(Exercise objective):
Down to the last line, print the data that follows exactly, without its pictures.

Segment Start: Data excerpts

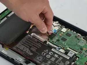 Отключите батарею от материнской платы, потянув за шлейф No-Fuss Ribbon из разъема.
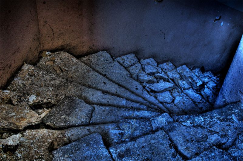 Escaleras lúgubres que llevan a un sótano más lúgubre aun. ¿Qué se tejerá en esas profundidades?
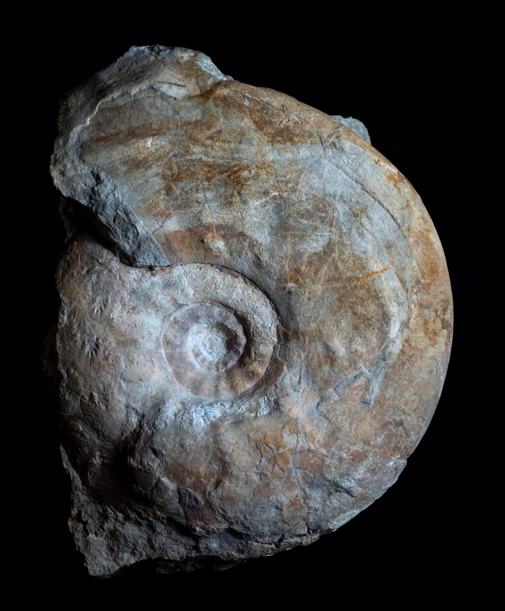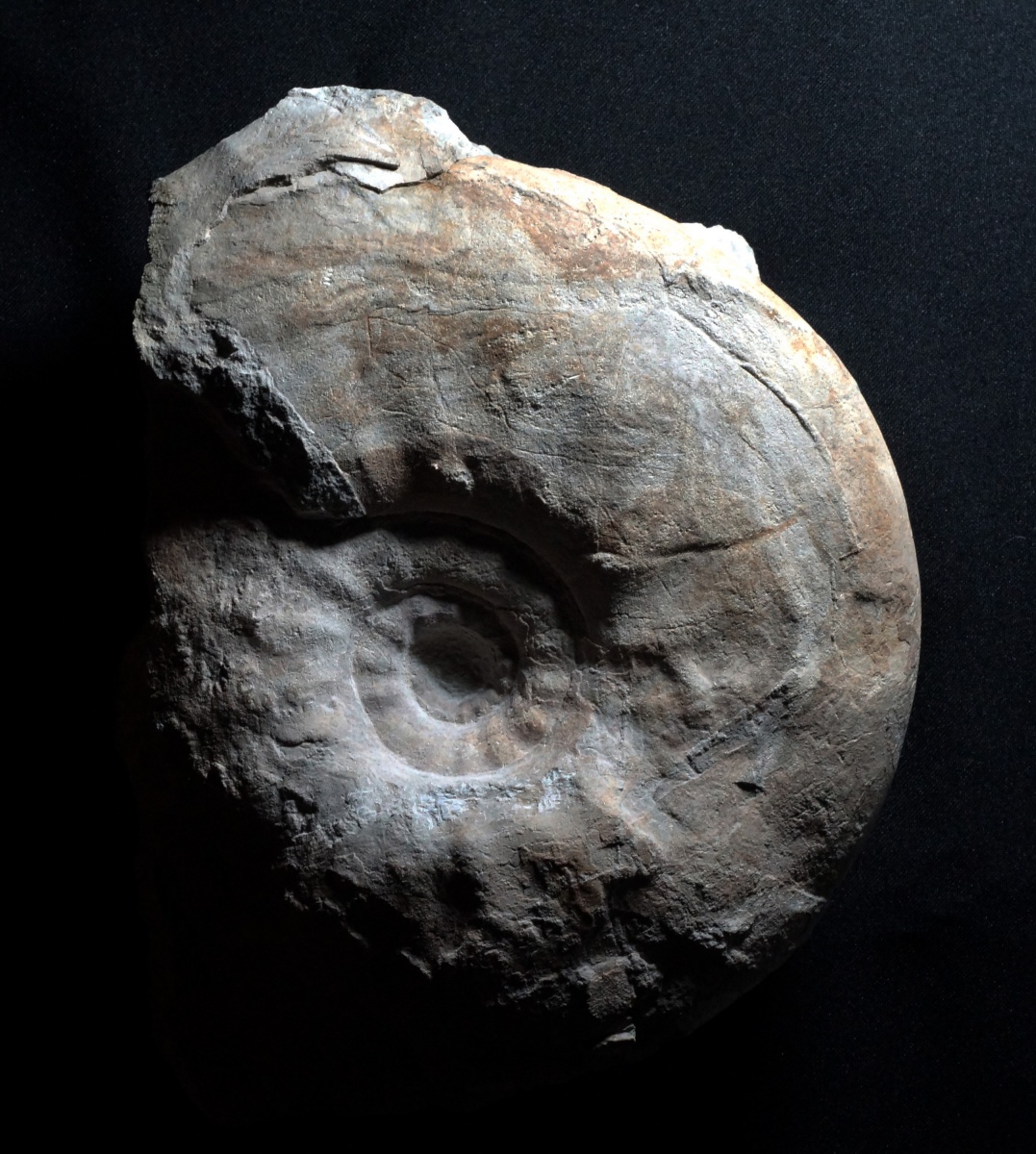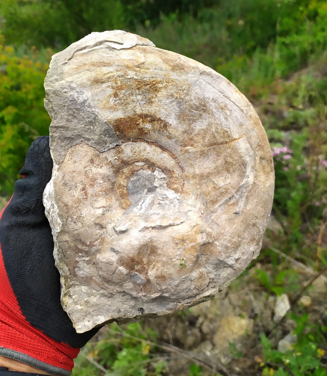 Аммонит открыт случайно. Лежал большой камень, на котором спереди был небольшой аммонит Craspedites.
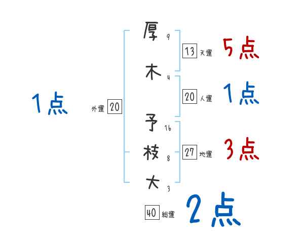 厚木予枝大さんの画数の鑑定結果
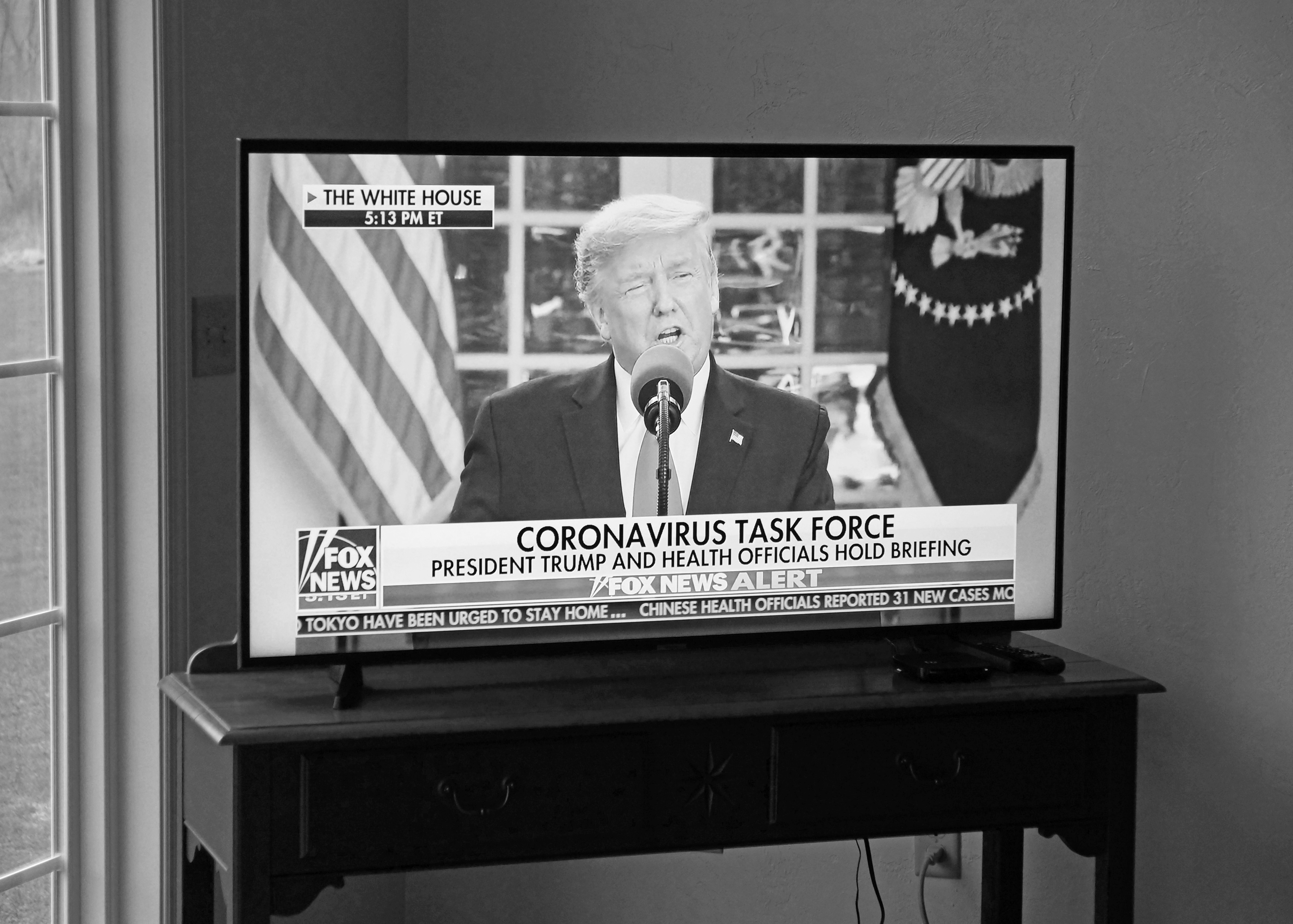 March 30, 2020 President Trump and his corona virus task force update America on the status of the pandemic and what the strategy is going to be. Photo taken on March 30 from a Fox News broadcast.

Segment End: Data excerpts

(Task result):
 Отключите батарею от материнской платы, потянув за шлейф No-Fuss Ribbon из разъема.
 Escaleras lúgubres que llevan a un sótano más lúgubre aun. ¿Qué se tejerá en esas profundidades?
 Аммонит открыт случайно. Лежал большой камень, на котором спереди был небольшой аммонит Craspedites.
 厚木予枝大さんの画数の鑑定結果
 March 30, 2020 President Trump and his corona virus task force update America on the status of the pandemic and what the strategy is going to be. Photo taken on March 30 from a Fox News broadcast.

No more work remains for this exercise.